Now in its fifth year, the MIRT program has sent students from Hopkins (in nursing and other disciplines) to Sweden, Israel, South Africa, England, and Australia. The students work under the direction of a faculty mentor from Hopkins or one of several partner institutions. Ultimately, the program’s aim is to engage students in the overseas research experience and encourage their pursuit of graduate degrees.

Says Gaston-Johansson, director of international programs at the school and the principal investigator for the MIRT program, “It’s a tough program, but they learn a lot. When they come back, they’re different people.”
Amanda Stefancyk, 29, spent 10 weeks in Goteborg, Sweden, in the summer of 2002 and calls her participation in the MIRT program a valuable career step.

In Sweden, Stefancyk looked at ways of assessing patients’ pain levels. She and four other students helped write a 30-item survey questionnaire, interviewed patients in the hospital, and analyzed the data. The experience in Sweden helped convince Stefancyk to continue in school. She plans to enroll in a PhD program this year. “We were working with people at the top of their game in Sweden,” she says of the research she saw. “It made me want to do what they were doing and that requires a PhD and a research background.”

Hopkins is not alone among nursing schools looking to expand their horizons outside the United States.

The shortage of nurses both here and abroad is creating pressure for more and bigger nursing programs, and foreign institutions often come to America for assistance. Officials at the American Association of Colleges of Nursing in Washington, DC say they receive a steady stream of requests from foreign nursing schools seeking a partnership with an American school on such matters as faculty or curriculum development.

While some American nursing schools have neither the staff nor funding to explore such projects, others are eager to take on international projects.

The University of California, San Francisco School of Nursing collaborates with the University of Puerto Rico to oversee research studies into quality-of-life issues for patients with HIV/AIDS. And the University of Michigan School of Nursing has worked since 1996 with the Peking University School of Nursing, helping establish a nursing-led teaching clinic among other projects.

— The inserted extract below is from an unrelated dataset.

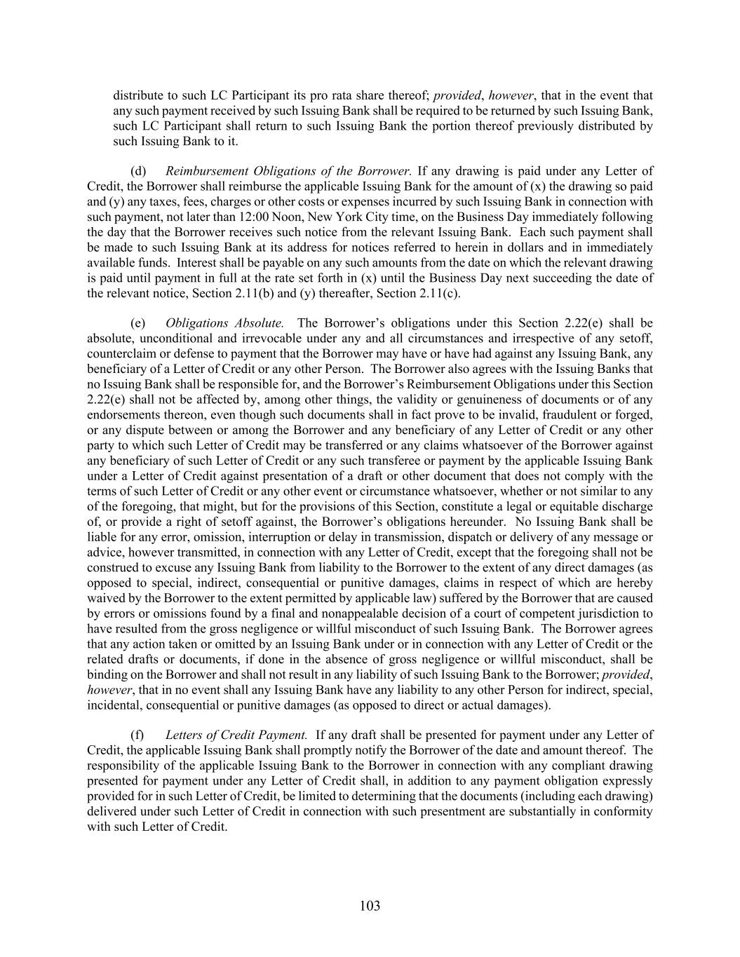 103 distribute to such LC Participant its pro rata share thereof; provided, however, that in the event that any such payment received by such Issuing Bank shall be required to be returned by such Issuing Bank, such LC Participant shall return to such Issuing Bank the portion thereof previously distributed by such Issuing Bank to it. (d) Reimbursement Obligations of the Borrower. If any drawing is paid under any Letter of Credit, the Borrower shall reimburse the applicable Issuing Bank for the amount of (x) the drawing so paid and (y) any taxes, fees, charges or other costs or expenses incurred by such Issuing Bank in connection with such payment, not later than 12:00 Noon, New York City time, on the Business Day immediately following the day that the Borrower receives such notice from the relevant Issuing Bank. Each such payment shall be made to such Issuing Bank at its address for notices referred to herein in dollars and in immediately available funds. Interest shall be payable on any such amounts from the date on which the relevant drawing is paid until payment in full at the rate set forth in (x) until the Business Day next succeeding the date of the relevant notice, Section 2.11(b) and (y) thereafter, Section 2.11(c). (e) Obligations Absolute. The Borrower’s obligations under this Section 2.22(e) shall be absolute, unconditional and irrevocable under any and all circumstances and irrespective of any setoff, counterclaim or defense to payment that the Borrower may have or have had against any Issuing Bank, any beneficiary of a Letter of Credit or any other Person. The Borrower also agrees with the Issuing Banks that no Issuing Bank shall be responsible for, and the Borrower’s Reimbursement Obligations under this Section 2.22(e) shall not be affected by, among other things, the validity or genuineness of documents or of any endorsements thereon, even though such documents shall in fact prove to be invalid, fraudulent or forged, or any dispute between or among the Borrower and any beneficiary of any Letter of Credit or any other party to which such Letter of Credit may be transferred or any claims whatsoever of the Borrower against any beneficiary of such Letter of Credit or any such transferee or payment by the applicable Issuing Bank under a Letter of Credit against presentation of a draft or other document that does not comply with the terms of such Letter of Credit or any other event or circumstance whatsoever, whether or not similar to any of the foregoing, that might, but for the provisions of this Section, constitute a legal or equitable discharge of, or provide a right of setoff against, the Borrower’s obligations hereunder. No Issuing Bank shall be liable for any error, omission, interruption or delay in transmission, dispatch or delivery of any message or advice, however transmitted, in connection with any Letter of Credit, except that the foregoing shall not be construed to excuse any Issuing Bank from liability to the Borrower to the extent of any direct damages (as opposed to special, indirect, consequential or punitive damages, claims in respect of which are hereby waived by the Borrower to the extent permitted by applicable law) suffered by the Borrower that are caused by errors or omissions found by a final and nonappealable decision of a court of competent jurisdiction to have resulted from the gross negligence or willful misconduct of such Issuing Bank. The Borrower agrees that any action taken or omitted by an Issuing Bank under or in connection with any Letter of Credit or the related drafts or documents, if done in the absence of gross negligence or willful misconduct, shall be binding on the Borrower and shall not result in any liability of such Issuing Bank to the Borrower; provided, however, that in no event shall any Issuing Bank have any liability to any other Person for indirect, special, incidental, consequential or punitive damages (as opposed to direct or actual damages). (f) Letters of Credit Payment. If any draft shall be presented for payment under any Letter of Credit, the applicable Issuing Bank shall promptly notify the Borrower of the date and amount thereof. The responsibility of the applicable Issuing Bank to the Borrower in connection with any compliant drawing presented for payment under any Letter of Credit shall, in addition to any payment obligation expressly provided for in such Letter of Credit, be limited to determining that the documents (including each drawing) delivered under such Letter of Credit in connection with such presentment are substantially in conformity with such Letter of Credit.

Shake Ketefian, director of the Office of International Affairs in Michigan’s nursing school, says it was important to pick only projects that would pay dividends for both Michigan and its partners overseas. “It needs to be of mutual benefit,” Ketefian says. “If we get a request that isn’t going to enhance our mission in any particular way, we will decline it.”

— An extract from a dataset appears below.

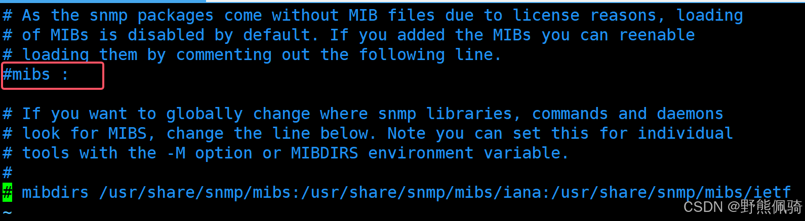 必须注释以"mibs :"开头的行,以加载所有可用MIB。

Although the opportunities seem boundless, nursing leaders with experience in international work are quick to advise thoughtful decision making. Rita M. Carty, former dean of George Mason University nursing school and secretary general of the Global Network of the World Health Organization Collaborating Centers for Nursing and Midwifery, applauds Hopkins for moving forward with international work but advises the school to be judicious in its ambitions. “Any work you do, you need to have the strength and expertise,” Carty says. “It’s always better to know what you can do. It’s better to do one job well than 10 jobs poorly.”

Dean Hill understands that message.

“One of our charges is to be very strategic and selective,” she says. “We can’t spread ourselves too thin, and we have to be financially as well as professionally responsible.”

Tom Waldron is a freelance writer based in Baltimore.